Monday, Feb. 16, 1948
Also Showing
Sleep, My Love (Triangle; United Artists) is a rather fishy thriller about a sleek fiend (Don Ameche) who enlists the help of a fake psychiatrist (George Coulouris) to drive his wife (Claudette Colbert) to insanity and/or suicide. Claudette is rich and Ameche is crazy for a gold digger (Hazel Brooks). An eligible Bostonian (Robert Cummings) traps the villains after some narrow squeaks.
The story scarcely matters except as an excuse for some scare scenes, which are pretty well filmed, and some scare characters, who are amusingly played. George Coulouris uses his trapezoidal shoulders effectively. Hazel Brooks, as a prettied-up version of the Dark Lady of Cartoonist Chas. Addams' horror house, is fine in her part and fun to look at.
You Were Meant for Me (20th Century-Fox). The life & works of jazz musicians offer material for a fine movie. Some day the moviemakers may take intelligent advantage of the fact. But You Were Meant for Me isn't even as good as it was six years ago, when Fox made a similar picture called Orchestra Wives.
The story: a brash, rising bandmaster (Dan Dailey), the toast of the corn belt, marries a small-town girl (Jeanne Grain) and, just as he snags his first Manhattan date, collides with the '29 depression.

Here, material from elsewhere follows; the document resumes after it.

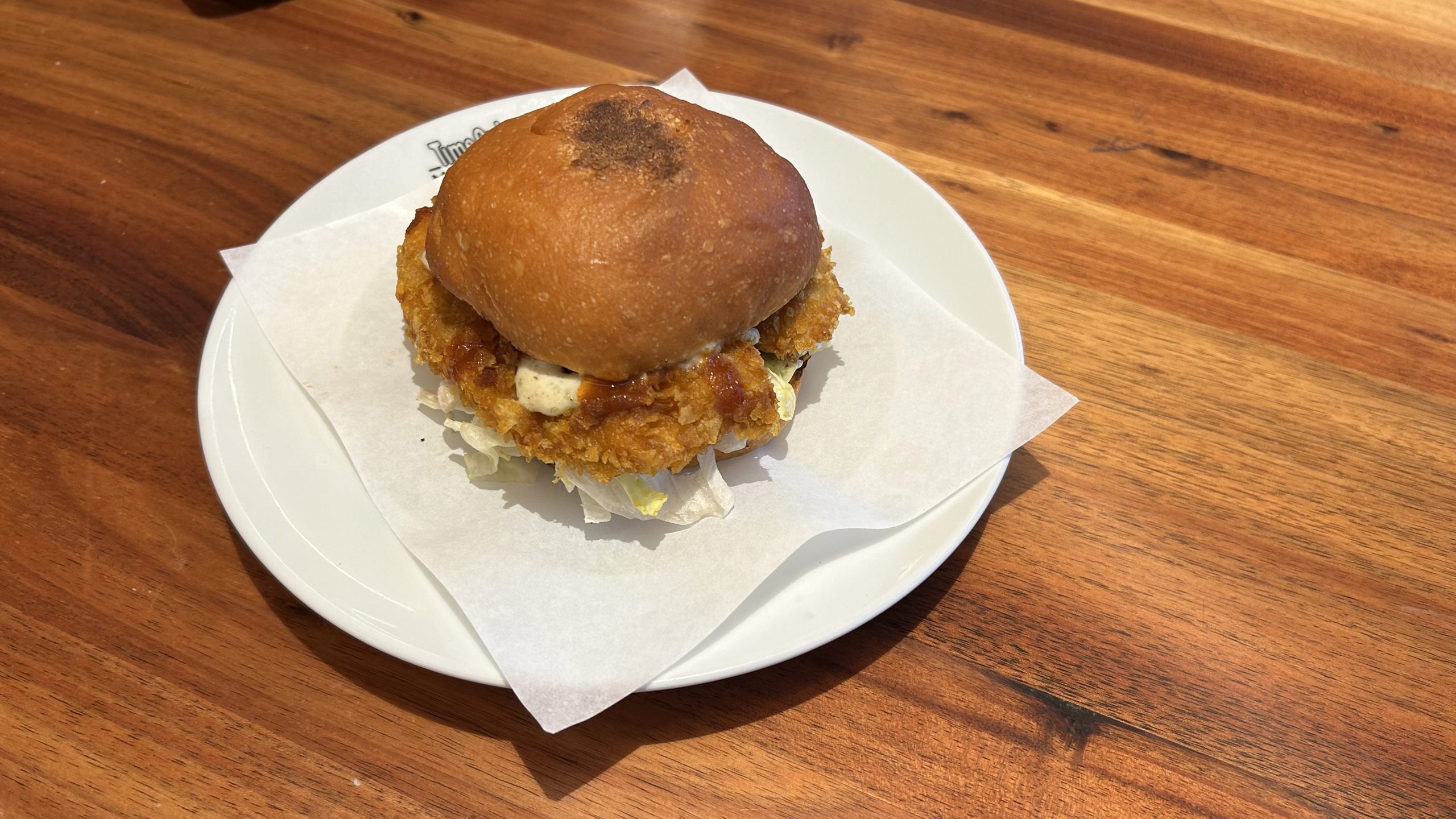 Hamburguesa de pescado con pan de brioche, kimchi y salsa tártara

He is proud; his wife is sensible. He tries to keep up a front; she knows that there is no front to keep up. When they retreat to her parents' home, he won't even get up mornings--much less lend a hand in supporting the family. After several reels of this sort of thing, everyone working on the picture evidently said the hell with it; for the show ends as abruptly as a chair pulled out from under. The most interesting question suggested by the whole venture: Is Hollywood trying to brace the public for another depression?
Jeanne Grain has sensitive eyes, but she uses them with as little restraint as a ham singer's tremolo; her considerable charm needs good direction. All Dan Dailey needs is a good picture. Oscar Levant gets along all right, good show or bad, with his peculiar brand of vinegar. One obvious tip for those who make would-be "nostalgic" musical movies: the old arrangements for the old songs are fully as nostalgic as the melodies. Frequently the fancy new arrangements are terrible; always, they sabotage the nostalgia.
I Walk Alone (Paramount) brings Burt Lancaster, a distinctly old-fashioned gangster, back from stir, to find that his onetime partners have become nightclub owners and won't cut him in. When he tries to muscle in, he discovers, in a sourly amusing scene in which modern business methods are explained to him, that mere brute force is helpless against the intricacies of interlocking corporate structure. Aside from this scene, the movie has little interest except for some good work by Kirk Douglas and Wendell Corey as Burt's enemies, some spasms of fair melodrama and plain brutality. Lizabeth Scott walks through the show--in a manner presumably intended as alluring--as if she were lying asleep on a vertical bed.